Whether students work on their own or in small groups, I’ve had them use these apps to introduce their classmates to new background information, to examine one section of a long article or data set within the jigsaw framework, and to review both detailed and overarching concepts. Where all of this was possible before tablets and their subsequent apps (minus the font selection and high resolution graphics), what wasn’t is their ability to be shared, linked to, and replicated. Once one set of students is finished creating a summative and analytical review of Act III of Julius Caesar, for example–full of text, images, and voice over recording–they email me a link to their completed presentation. I’m then able to either show it to the class immediately, or upload it to our course website, where students interested in reviewing that material can watch it over and over again. Think about how beneficial this is to students with IEPs, 504s, and other learning challenges. Think about how this serves both the absent student and his or her teacher. Think about how this also serves the creator of the presentation; once a student knows his work will be available to and used by his peers, often the work becomes more organized, more accurate, and more relevant–a far cry from a hodgepodge collage stapled together three minutes before class.
Recordings
Although the level of complexity varies within the whiteboard application options, the feature I’ve come to use the most is simple: record. I ask groups of students involved in literature circles or other intentional discussions to place their tablet in the middle of their group, open up Educreations, and record their conversation. That’s it, on the technology end. Once the “record” button is pressed, the students discuss, they pose questions, they posit answers, and–this is the beautiful thing for one teacher in a classroom full of eight small groups–all of it is digitally documented, there for the teacher to reference for comprehension checks and strokes of insight, whether she is present in those discussions or not. Another bonus, especially for students who tend to think a teacher on the other side of the classroom means a break from the task at hand, is that in my experience, when the red “record” light is on and glowing so visibly, students rarely digress into details about their weekend.

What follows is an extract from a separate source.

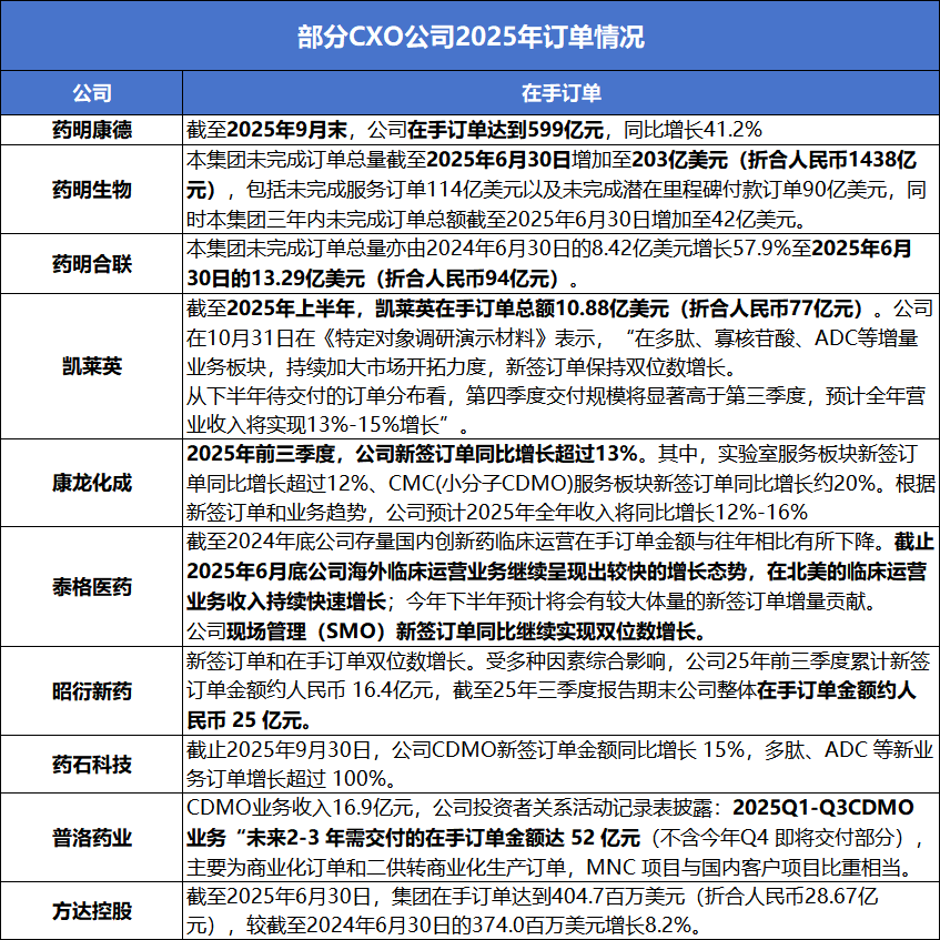 在行业整体向好的趋势下,头部企业凭借差异化优势,在订单获取上进一步拉开差距。我们将围绕包括药明康德、凯莱英、泰格医药、药石科技等在内的多家主流CXO企业在当下的订单表现与业务亮点。

For individual students, I use this feature as a revision tool. I ask students to record themselves delivering practice speeches, and then listen for things like filler words, enunciation, and awkward phrasing before giving their final speech. I have them read their essay drafts word-for-word–with pen in hand–to help them identify similar problems in their writing. Each time I’ve done this, students have reiterated how much this process helped them. Of course, I’d required students to read their drafts and practice their speeches aloud before, but I was never able to guarantee that they’d take it seriously, that they would truly read every word and think intentionally about why a particular sentence made them stumble while saying it aloud. Now part of the assignment involves them emailing me their recording and immediate reflection. From a teaching standpoint, acquiring this kind of insight into how a student thinks about his or her work has proved invaluable.
Conclusion
It is true that students don’t need a tablet or a whiteboard app to record themselves, and presentations done in person can be effective; cassettes and tagboard worked just fine for me when I was in school in the 1990s. However, offering students a technology capable of multimodal creation gives them the ability to observe themselves observing themselves. It’s metacognition in action. The truth is, whiteboard applications are not fancy, not really. They are yet another tool. But they are a tool that works, and I will continue to use them to help my students hone their thinking in this quickly changing world.